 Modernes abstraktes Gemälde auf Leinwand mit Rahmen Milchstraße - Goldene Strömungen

...

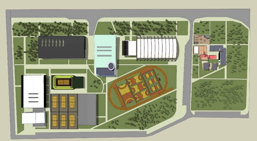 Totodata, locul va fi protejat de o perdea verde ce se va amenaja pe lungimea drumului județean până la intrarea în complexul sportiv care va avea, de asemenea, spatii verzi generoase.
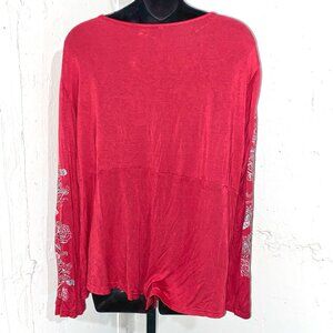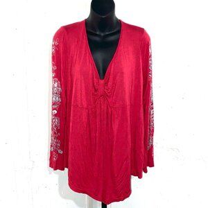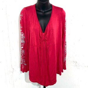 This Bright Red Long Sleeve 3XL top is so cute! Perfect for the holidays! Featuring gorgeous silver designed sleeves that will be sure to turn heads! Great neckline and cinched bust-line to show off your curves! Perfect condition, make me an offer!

Your instructions: Only the lines of the listing above from the one with "Totodata, locul va" through the one with "This Bright Red" should be output, exactly, with both ends kept and pictures left out.

Task answer:
 Totodata, locul va fi protejat de o perdea verde ce se va amenaja pe lungimea drumului județean până la intrarea în complexul sportiv care va avea, de asemenea, spatii verzi generoase.
 This Bright Red Long Sleeve 3XL top is so cute! Perfect for the holidays! Featuring gorgeous silver designed sleeves that will be sure to turn heads! Great neckline and cinched bust-line to show off your curves! Perfect condition, make me an offer!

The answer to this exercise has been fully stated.